• **Provided records**:
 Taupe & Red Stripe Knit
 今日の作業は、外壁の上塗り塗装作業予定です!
* * *
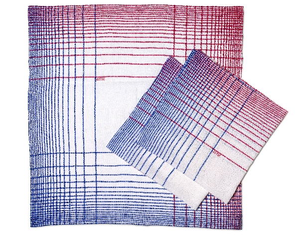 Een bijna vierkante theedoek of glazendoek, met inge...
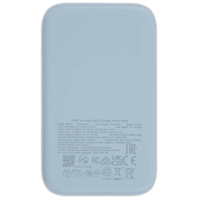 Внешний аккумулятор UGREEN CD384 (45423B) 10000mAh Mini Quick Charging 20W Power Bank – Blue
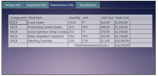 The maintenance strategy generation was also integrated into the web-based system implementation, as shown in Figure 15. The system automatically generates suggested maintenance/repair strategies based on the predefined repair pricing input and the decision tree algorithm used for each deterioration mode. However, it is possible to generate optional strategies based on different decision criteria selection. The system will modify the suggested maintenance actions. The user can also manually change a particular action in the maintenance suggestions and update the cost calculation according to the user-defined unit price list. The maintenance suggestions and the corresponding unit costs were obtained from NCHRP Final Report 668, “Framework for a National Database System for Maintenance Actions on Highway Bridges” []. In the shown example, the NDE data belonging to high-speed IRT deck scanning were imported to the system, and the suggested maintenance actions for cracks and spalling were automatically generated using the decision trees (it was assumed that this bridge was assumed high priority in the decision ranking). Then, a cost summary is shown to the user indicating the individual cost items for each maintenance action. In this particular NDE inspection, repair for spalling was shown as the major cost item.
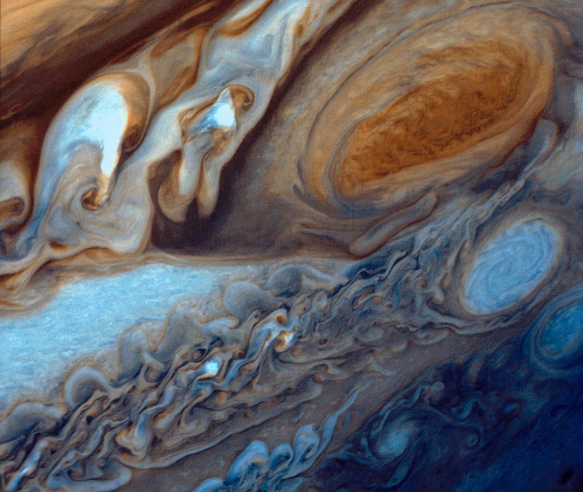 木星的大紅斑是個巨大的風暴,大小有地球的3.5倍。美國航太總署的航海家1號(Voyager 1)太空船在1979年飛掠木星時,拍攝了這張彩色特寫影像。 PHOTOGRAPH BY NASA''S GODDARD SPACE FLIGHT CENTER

• **Required action**:
Take the material above from the line bearing "Внешний аккумулятор UGREEN" through the line bearing "SPACE FLIGHT CENTER" and write it out exactly, both end lines included. Pictures stay out.

• **Solution to this task**:
 Внешний аккумулятор UGREEN CD384 (45423B) 10000mAh Mini Quick Charging 20W Power Bank – Blue
 The maintenance strategy generation was also integrated into the web-based system implementation, as shown in Figure 15. The system automatically generates suggested maintenance/repair strategies based on the predefined repair pricing input and the decision tree algorithm used for each deterioration mode. However, it is possible to generate optional strategies based on different decision criteria selection. The system will modify the suggested maintenance actions. The user can also manually change a particular action in the maintenance suggestions and update the cost calculation according to the user-defined unit price list. The maintenance suggestions and the corresponding unit costs were obtained from NCHRP Final Report 668, “Framework for a National Database System for Maintenance Actions on Highway Bridges” []. In the shown example, the NDE data belonging to high-speed IRT deck scanning were imported to the system, and the suggested maintenance actions for cracks and spalling were automatically generated using the decision trees (it was assumed that this bridge was assumed high priority in the decision ranking). Then, a cost summary is shown to the user indicating the individual cost items for each maintenance action. In this particular NDE inspection, repair for spalling was shown as the major cost item.
 木星的大紅斑是個巨大的風暴,大小有地球的3.5倍。美國航太總署的航海家1號(Voyager 1)太空船在1979年飛掠木星時,拍攝了這張彩色特寫影像。 PHOTOGRAPH BY NASA''S GODDARD SPACE FLIGHT CENTER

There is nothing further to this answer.